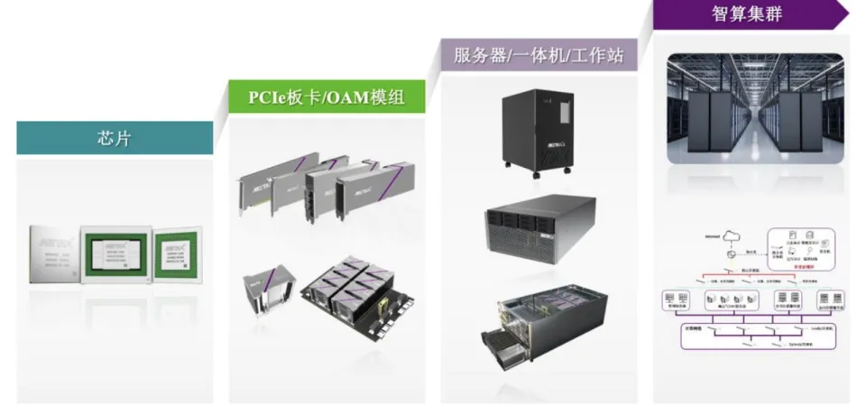 根据上图,我们可以清晰的看到,摩尔线程的 GPU 已经迭代了四代,其中消费级使用二代,AI 智算使用四代芯片。围绕芯片核心,拓展了板卡、一体机/服务器、集群设备三种形态,如下图(示意图,与摩尔线程无关)
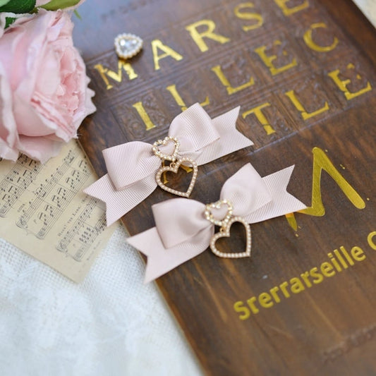Dusty Pink/Black Rhinestone Hearts Bowknot Hairclips
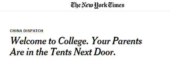 ▲“欢迎来上大学,你的家长就住在隔壁的帐篷里” (via New York Times)

○ ○ ○

Everything in the material except the pictures should be output verbatim.

*Exercise output:*
 根据上图,我们可以清晰的看到,摩尔线程的 GPU 已经迭代了四代,其中消费级使用二代,AI 智算使用四代芯片。围绕芯片核心,拓展了板卡、一体机/服务器、集群设备三种形态,如下图(示意图,与摩尔线程无关)
Dusty Pink/Black Rhinestone Hearts Bowknot Hairclips
 ▲“欢迎来上大学,你的家长就住在隔壁的帐篷里” (via New York Times)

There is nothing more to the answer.